Exercise brief
Keep the lines exact and the pictures out as you repeat the following listing.

Input data
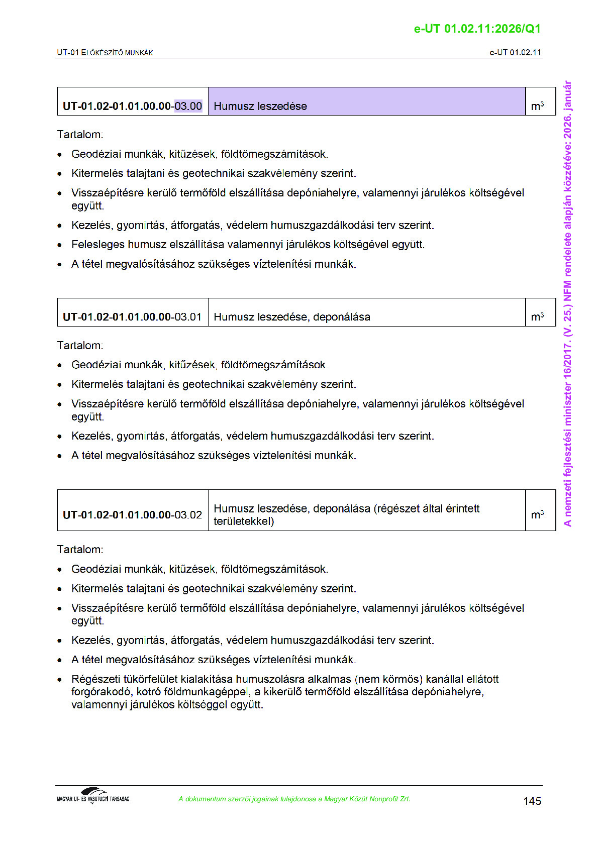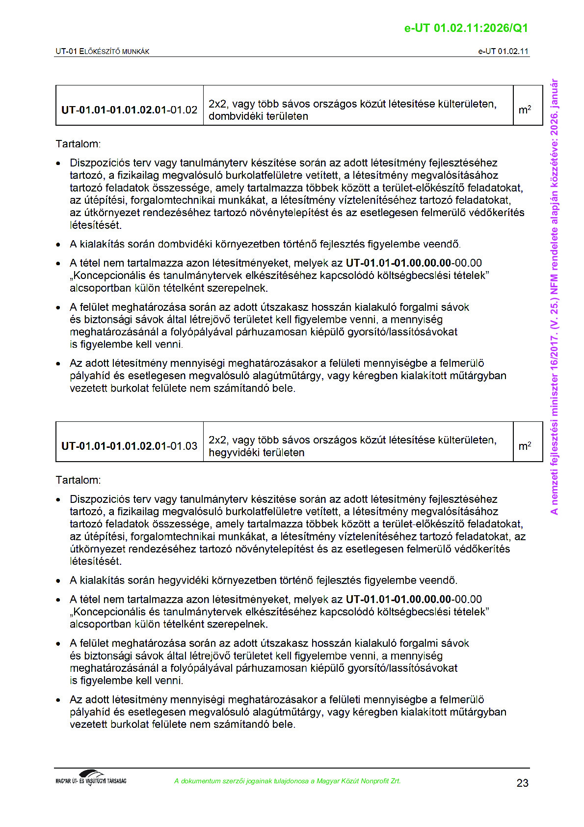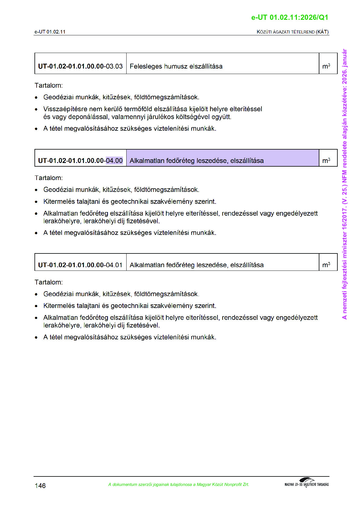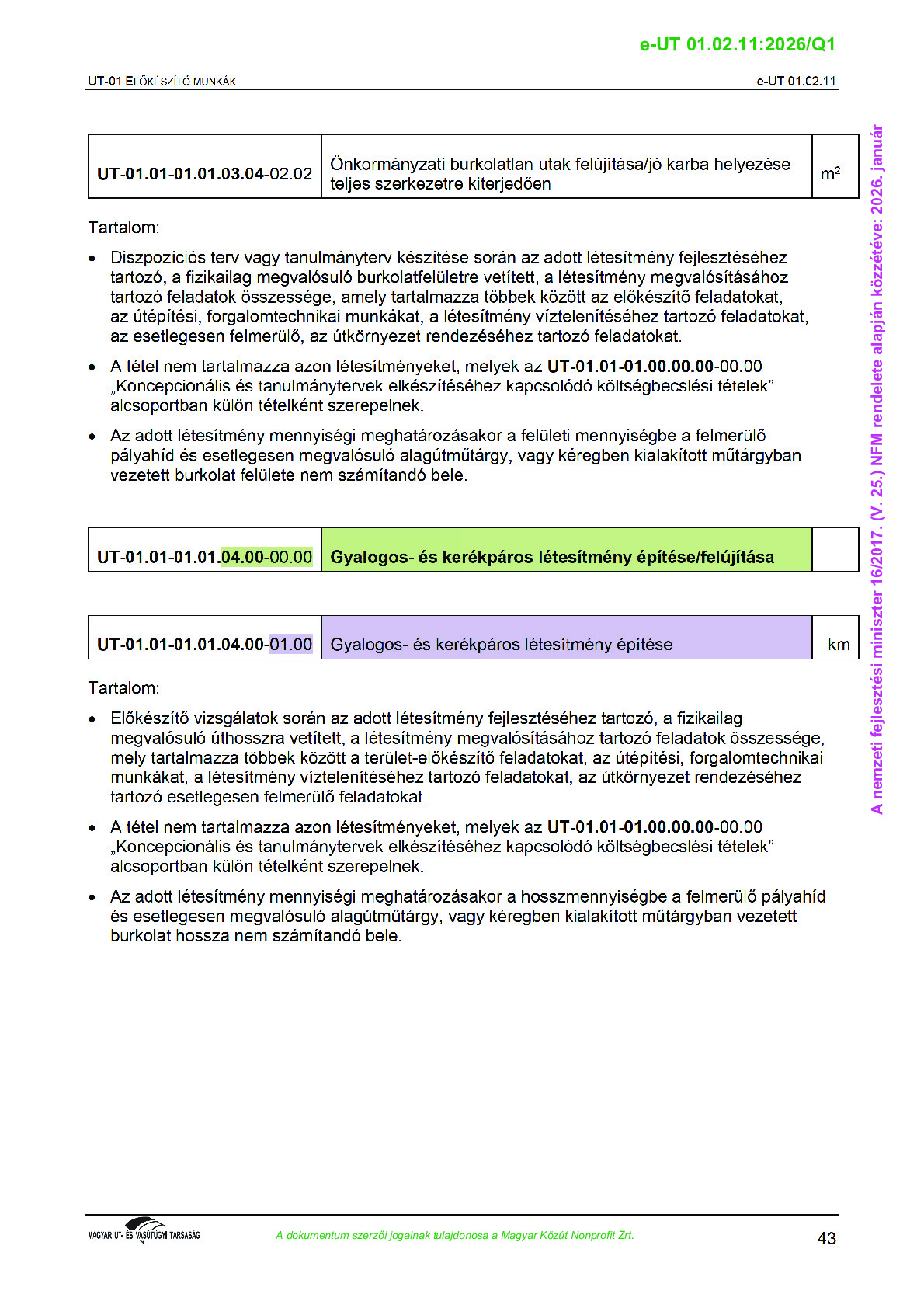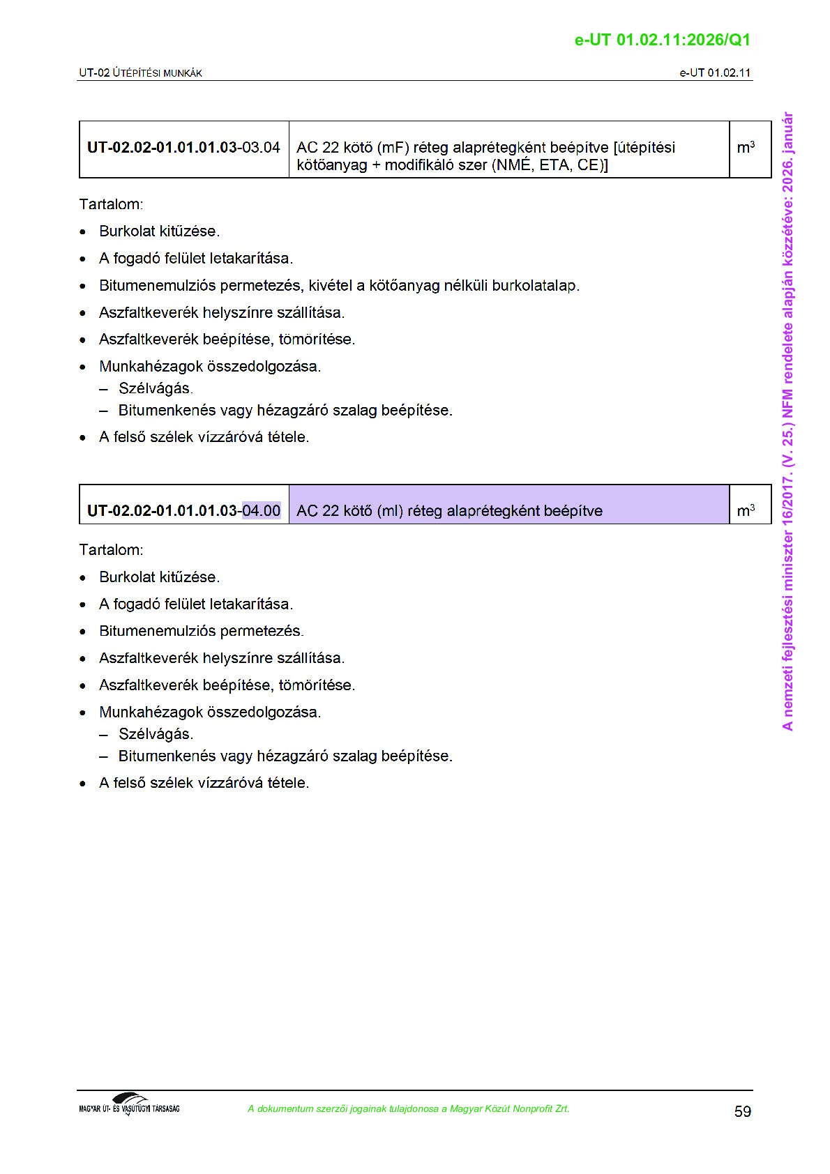 Véleményezés alatt lévő útügyi műszaki előírások
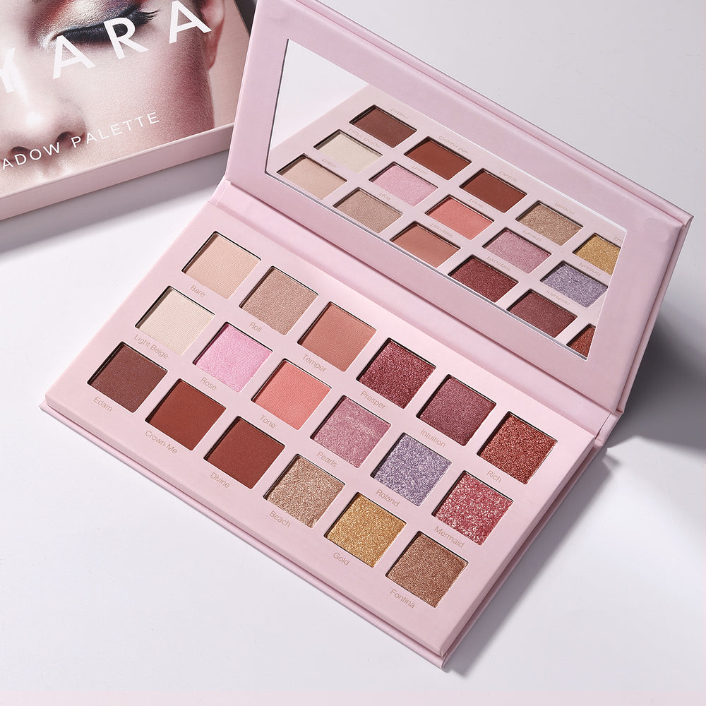 FREYARA Golden Rose 18-shade Eyeshadow Palette features a rosy nude color scheme offering countless color combinations. It provides textures from matte to shimmer to glitter for creating nude, fun, passionate and party basic makeup.
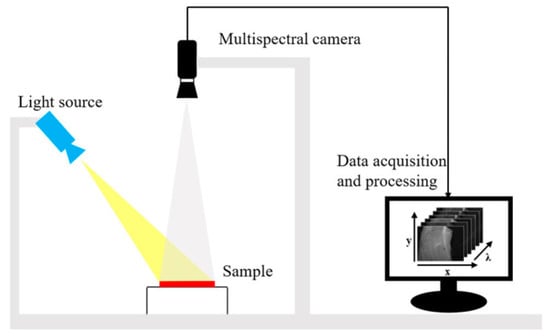A multispectral image is a collection of grey-scale images. Each corresponds to a specific wavelength or band of wavelengths in the electromagnetic spectrum [36]. MSI is a method of capturing images from different spectral bands with the aim of obtaining spatial and spectral information. Imagers based on MSI technology can provide wavelength channels in the near-UV, visible, near-IR, mid-IR and far-IR [37]. Thus, MSI can provide more information than RGB images. The acquired wavelength channels can be used directly for real-time applications in certain fields (e.g., fruit packing plants and food processing plants). A typical MSI system is shown in Figure 3. The system uses an adjustable focus lens to achieve high resolution imaging of 1290 × 960 pixels and has six bands, each covering a relatively wide range of wavelengths, which is strong for fast imaging [38].

Task result
 Véleményezés alatt lévő útügyi műszaki előírások
 FREYARA Golden Rose 18-shade Eyeshadow Palette features a rosy nude color scheme offering countless color combinations. It provides textures from matte to shimmer to glitter for creating nude, fun, passionate and party basic makeup.
A multispectral image is a collection of grey-scale images. Each corresponds to a specific wavelength or band of wavelengths in the electromagnetic spectrum [36]. MSI is a method of capturing images from different spectral bands with the aim of obtaining spatial and spectral information. Imagers based on MSI technology can provide wavelength channels in the near-UV, visible, near-IR, mid-IR and far-IR [37]. Thus, MSI can provide more information than RGB images. The acquired wavelength channels can be used directly for real-time applications in certain fields (e.g., fruit packing plants and food processing plants). A typical MSI system is shown in Figure 3. The system uses an adjustable focus lens to achieve high resolution imaging of 1290 × 960 pixels and has six bands, each covering a relatively wide range of wavelengths, which is strong for fast imaging [38].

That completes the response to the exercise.